I have previously been unable to answer this question on the Best Dividend ETF, because most products out there had high expense ratios or have had dividend payments that were not growing overall. In my search for a good dividend ETF or fund I would be looking for something like:

- Look for consistently growing dividends

- Low portfolio turnover

- Low cost

- Some track record of regular dividend increases


For example, while I like the S&P Dividend Aristocrats index, the equal weight ETF based on it (NOBL) doesn’t have a long enough track record to consider, as it was launched at the end of 2013. I do like the fact that it was equally weighted. however, it has an annual fee of 0.35%, which is highway robbery if you ask me. An investor can easily create their own dividend ETF with Motif Investing and pay $9.95 in total to buy up to 30 individual stocks at once.

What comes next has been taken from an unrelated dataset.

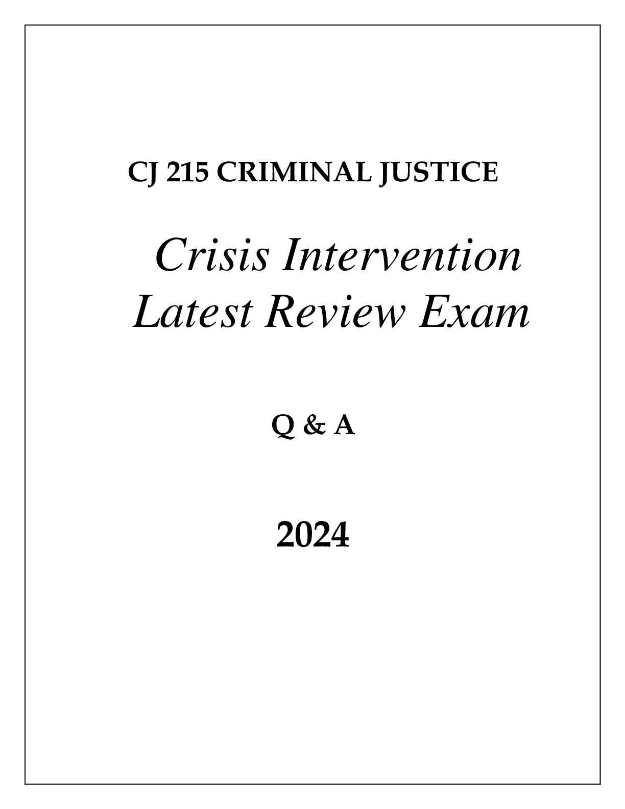 Law > EXAM PROCTORED > CJ 215 CRIMINAL JUSTICE (CRISIS INERVENTION) LATEST REVIEW FINAL EXAM Q & A 2024 (All)

During my search, I found Schwab US Dividend Equity ETF (SCHD). This ETF includes 100 quality dividend growth stocks, and weights them by market capitalization. These companies are selected using measures of both fundamental strength and dividend performance. No company is allowed to have a weight higher than 4.50% - which is a good risk management procedure.

One of the requirements for companies in the fund is a 5 year history of annual dividend increases, and a ten year history of paying consecutive annual dividends. This should weed out some companies with inconsistent dividend payouts.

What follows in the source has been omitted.